Im thinking of using vellum or tracing paper to burn onto a screen, because its cheaper. Can i use vellum?I have a workforce 1100 and planning to print onto it using the 1100, will it work?


----------



## jsf (Aug 4, 2009)

6Sensetense said:


> Im thinking of using vellum or tracing paper to burn onto a screen, because its cheaper. Can i use vellum?I have a workforce 1100 and planning to print onto it using the 1100, will it work?


If it is for a one color job, it will work but to those designs that are not too bold. The ink can dis-orient the texture of your vellum, so multi-color jobs will be a miss on registration.

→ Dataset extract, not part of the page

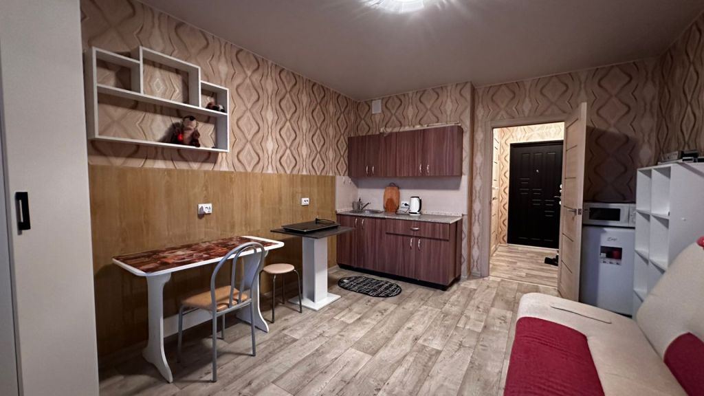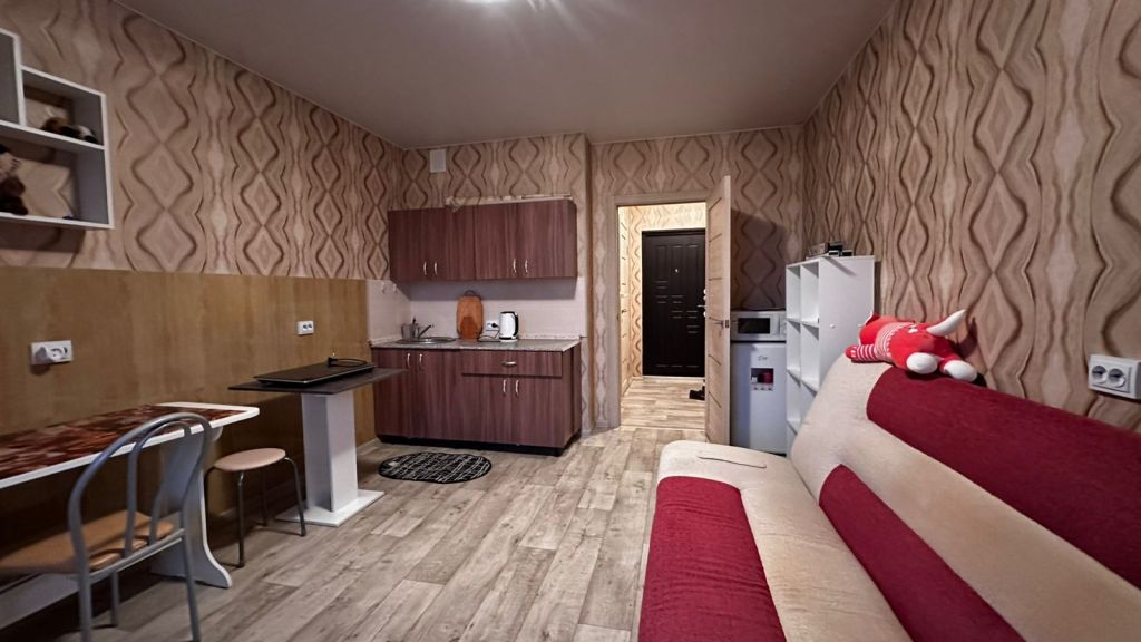 Сдаем квартиру-студию на длительный срок. В наличии мебель и техника. Дом новый, территория огорожена, есть стоянка для автомобилей. |

You may want to try paper+oil instead. And if you do, you must extend your time on exposure.


----------



## taricp35 (Dec 10, 2008)

I use vellum all the time, actually that is all I have ever used in the 5+ years I have been in business but mine is for laser printers. I have used vellum for inkjet but I used a HP, just had to make sure the ink was dry before handling it. Had no issues at all regardless of the design. multi-color deigns were not an issue either. I did not use the printer that you are using but i don't see why it would not work.


----------



## Braininfo (Nov 27, 2010)

Vellum is affordable also it has bigger sizes that can fit my wide format printer. Ive heard that i cant use it for really detailed images that require halftone shades. I can only use it for non detailed images. So how much longer is the exposure time for vellum compared to transparencies?


----------



## taricp35 (Dec 10, 2008)

never done halftones so can't argue that point but i have done very detailed images without issues. i expose at 4 minutes with a home made exposure unit. Be aware that exposure times vary with different setups so you will need to test. A step wedge test would be ideal for you to find out your exposure time.


----------



## crazymike (Aug 18, 2008)

Printing on vellum with an Epson you will need to put
the settings on Best Photo and print black ink only.
This is the only way I could use vellum in the past.


----------